_The data_:

- - - - - - -

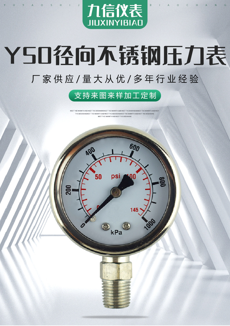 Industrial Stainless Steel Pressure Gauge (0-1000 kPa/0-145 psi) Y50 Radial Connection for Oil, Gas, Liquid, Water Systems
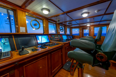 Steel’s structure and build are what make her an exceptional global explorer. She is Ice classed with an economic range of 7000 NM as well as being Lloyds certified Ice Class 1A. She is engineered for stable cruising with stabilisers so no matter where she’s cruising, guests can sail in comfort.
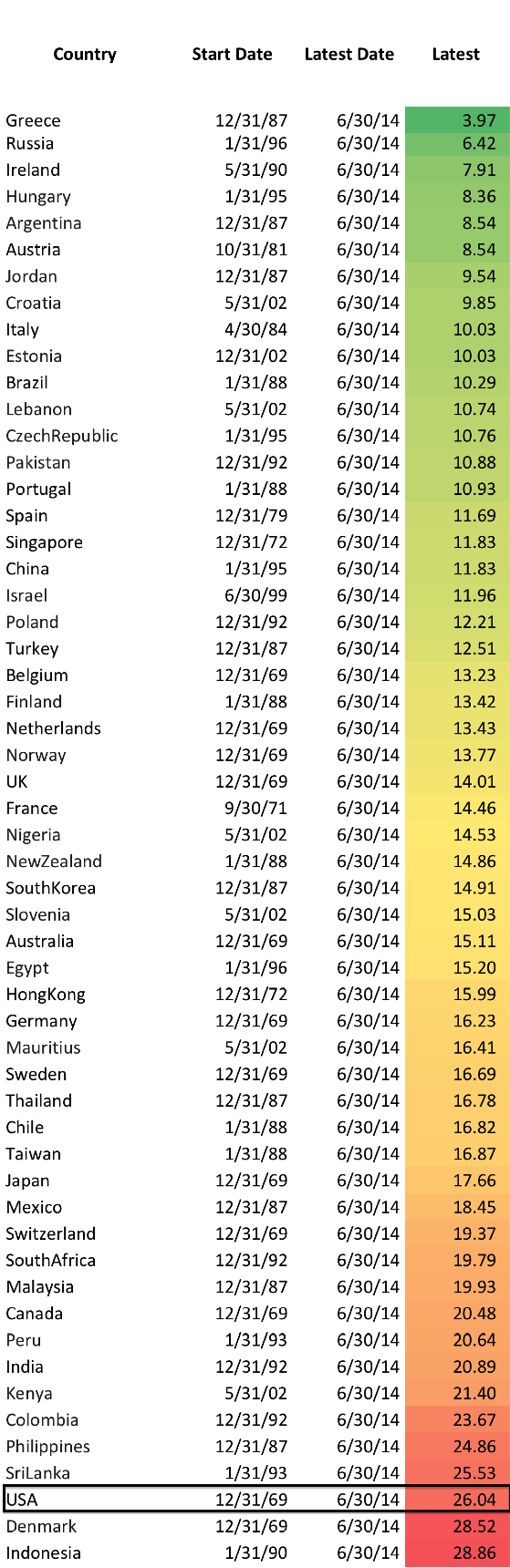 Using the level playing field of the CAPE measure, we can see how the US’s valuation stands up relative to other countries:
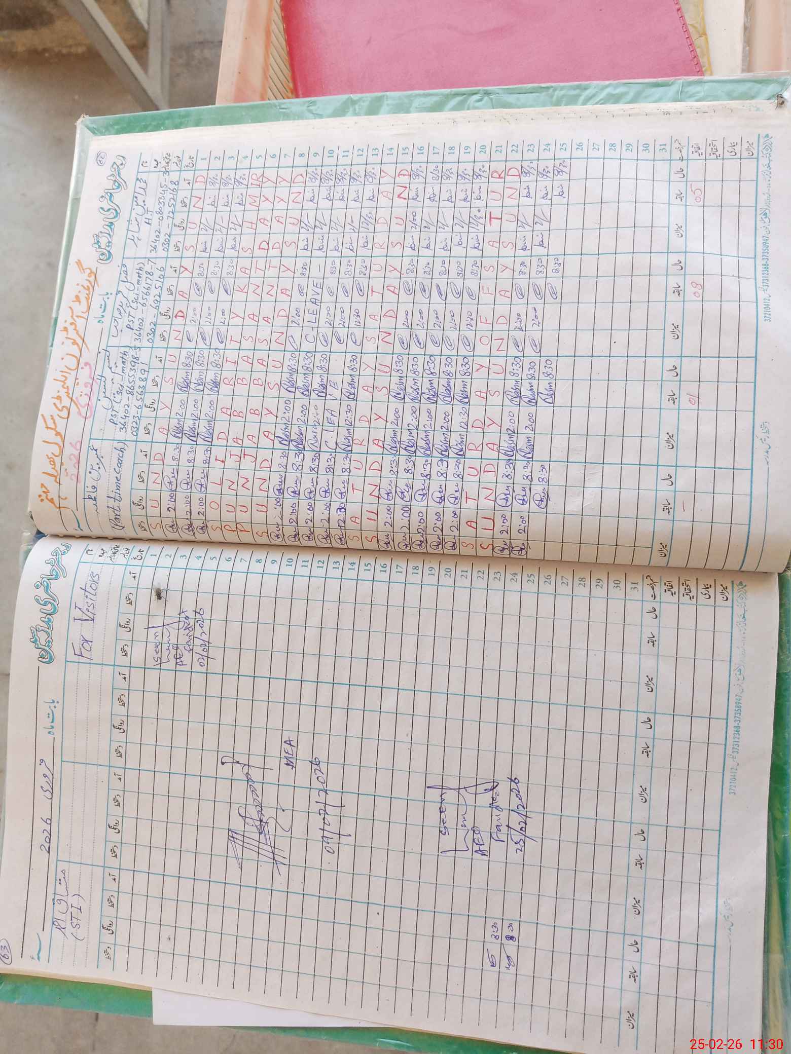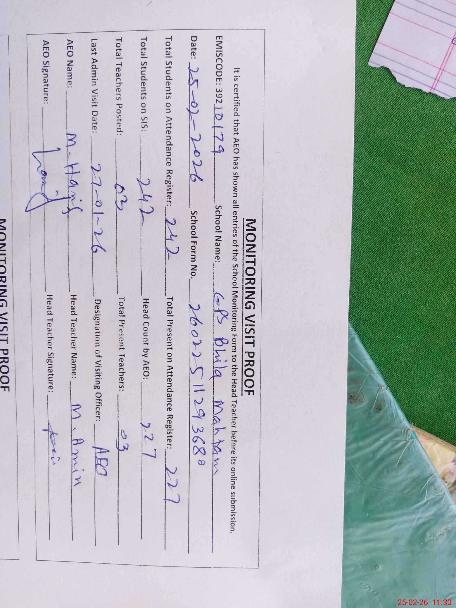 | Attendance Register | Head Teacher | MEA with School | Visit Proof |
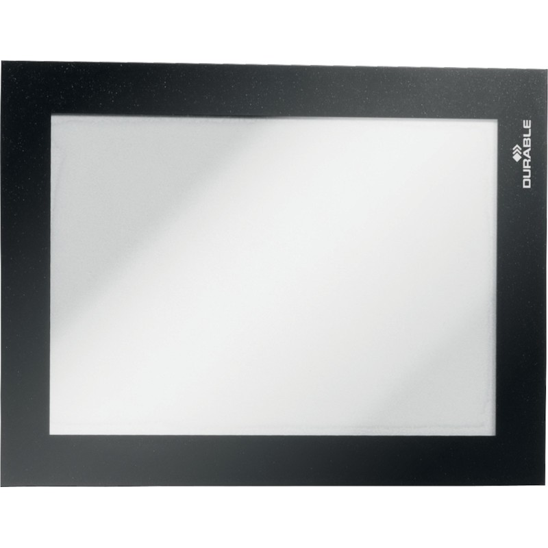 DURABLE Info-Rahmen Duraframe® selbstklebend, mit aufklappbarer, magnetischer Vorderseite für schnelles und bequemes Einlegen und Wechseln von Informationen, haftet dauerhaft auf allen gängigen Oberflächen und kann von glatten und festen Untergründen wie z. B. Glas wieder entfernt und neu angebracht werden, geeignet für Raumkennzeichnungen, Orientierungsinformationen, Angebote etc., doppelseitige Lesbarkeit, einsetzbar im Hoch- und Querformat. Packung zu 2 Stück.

- - - - - - -

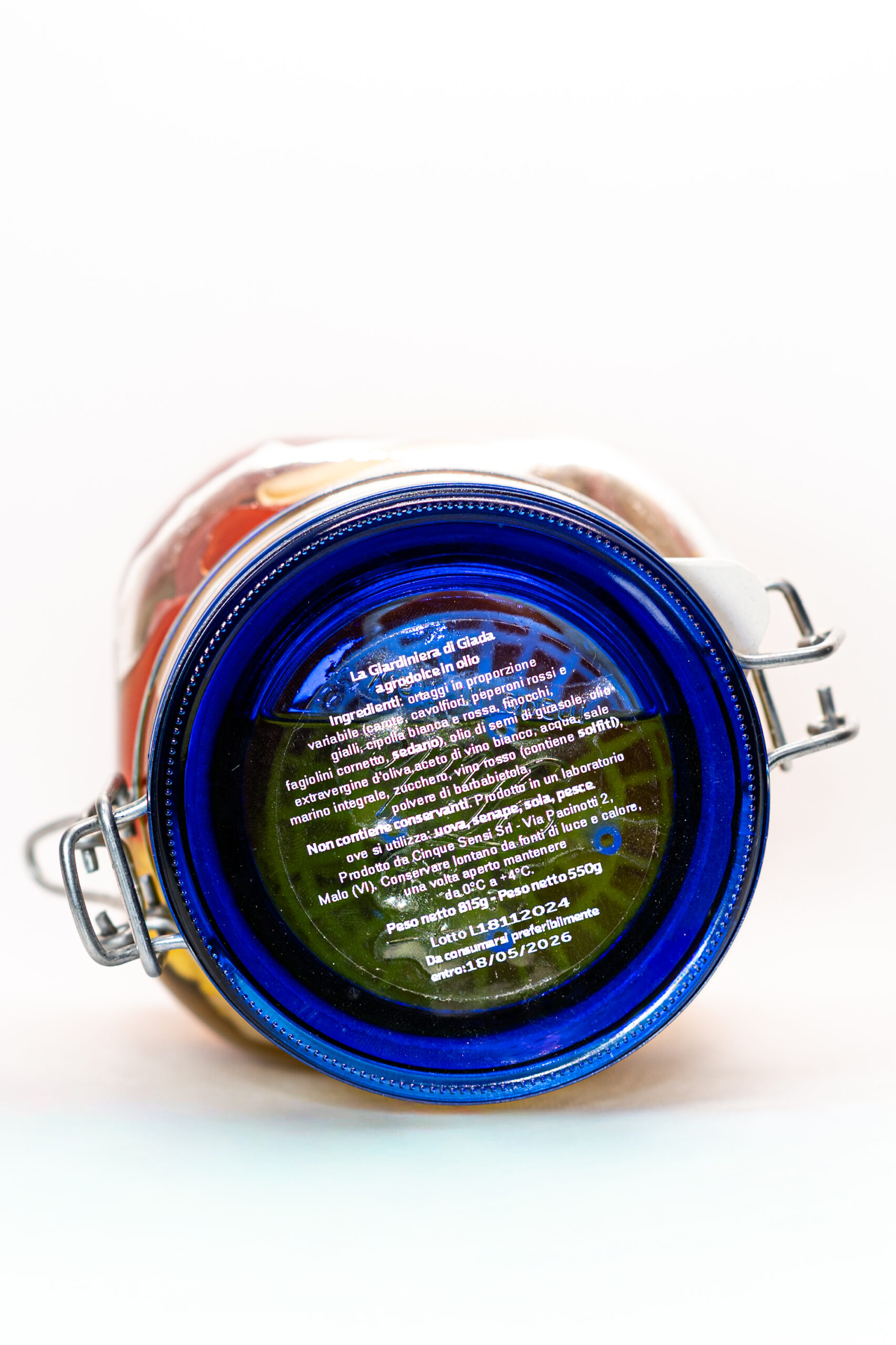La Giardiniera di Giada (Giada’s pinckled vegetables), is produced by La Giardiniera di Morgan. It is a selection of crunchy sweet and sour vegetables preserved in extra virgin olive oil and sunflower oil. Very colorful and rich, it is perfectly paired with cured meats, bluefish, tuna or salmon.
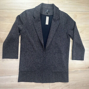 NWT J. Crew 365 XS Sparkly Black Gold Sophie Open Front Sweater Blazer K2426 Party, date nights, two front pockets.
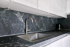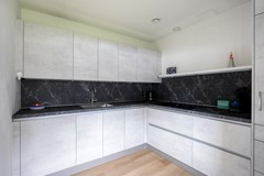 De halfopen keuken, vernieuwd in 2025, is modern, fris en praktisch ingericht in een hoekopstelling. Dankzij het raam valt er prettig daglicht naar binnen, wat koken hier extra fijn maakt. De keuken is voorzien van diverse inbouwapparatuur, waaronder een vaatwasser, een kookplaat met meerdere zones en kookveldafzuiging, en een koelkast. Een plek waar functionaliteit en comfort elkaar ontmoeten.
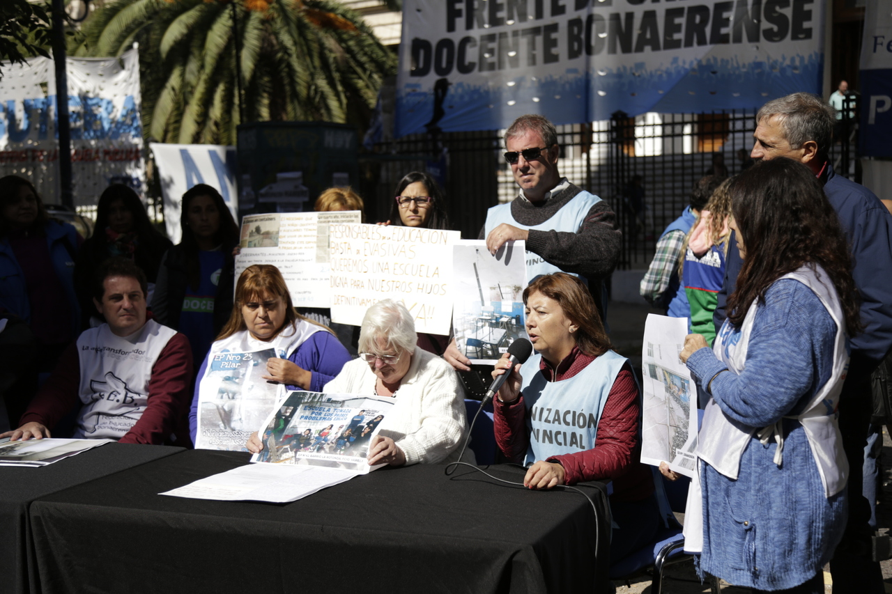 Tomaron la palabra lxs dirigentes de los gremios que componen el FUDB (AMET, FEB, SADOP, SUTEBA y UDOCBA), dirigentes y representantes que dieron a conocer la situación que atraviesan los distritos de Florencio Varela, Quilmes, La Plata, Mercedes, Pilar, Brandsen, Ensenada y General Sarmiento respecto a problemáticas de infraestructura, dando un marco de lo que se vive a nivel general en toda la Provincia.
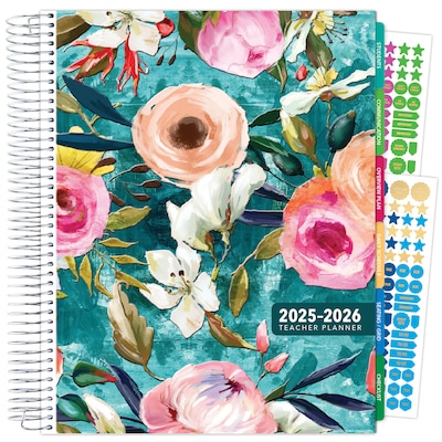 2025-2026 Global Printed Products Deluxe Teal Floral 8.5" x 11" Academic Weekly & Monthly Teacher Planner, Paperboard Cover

- - - - - - -

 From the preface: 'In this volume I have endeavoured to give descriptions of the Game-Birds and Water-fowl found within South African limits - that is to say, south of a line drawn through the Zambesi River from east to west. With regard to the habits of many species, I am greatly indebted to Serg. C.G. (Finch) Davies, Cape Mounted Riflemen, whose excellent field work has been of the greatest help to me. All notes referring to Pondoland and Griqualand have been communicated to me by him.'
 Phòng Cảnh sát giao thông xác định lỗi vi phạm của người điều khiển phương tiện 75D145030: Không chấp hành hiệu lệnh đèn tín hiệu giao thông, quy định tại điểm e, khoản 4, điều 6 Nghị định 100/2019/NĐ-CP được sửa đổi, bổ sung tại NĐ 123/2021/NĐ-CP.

- - - - - - -

_Goal of the exercise_: Within the listing above, copy exactly the lines that start at the one with "NWT J. Crew" and continue through the one with "2025-2026 Global Printed". Omit pictures.

_Answer to this task_:
 NWT J. Crew 365 XS Sparkly Black Gold Sophie Open Front Sweater Blazer K2426 Party, date nights, two front pockets.
 De halfopen keuken, vernieuwd in 2025, is modern, fris en praktisch ingericht in een hoekopstelling. Dankzij het raam valt er prettig daglicht naar binnen, wat koken hier extra fijn maakt. De keuken is voorzien van diverse inbouwapparatuur, waaronder een vaatwasser, een kookplaat met meerdere zones en kookveldafzuiging, en een koelkast. Een plek waar functionaliteit en comfort elkaar ontmoeten.
 Tomaron la palabra lxs dirigentes de los gremios que componen el FUDB (AMET, FEB, SADOP, SUTEBA y UDOCBA), dirigentes y representantes que dieron a conocer la situación que atraviesan los distritos de Florencio Varela, Quilmes, La Plata, Mercedes, Pilar, Brandsen, Ensenada y General Sarmiento respecto a problemáticas de infraestructura, dando un marco de lo que se vive a nivel general en toda la Provincia.
 2025-2026 Global Printed Products Deluxe Teal Floral 8.5" x 11" Academic Weekly & Monthly Teacher Planner, Paperboard Cover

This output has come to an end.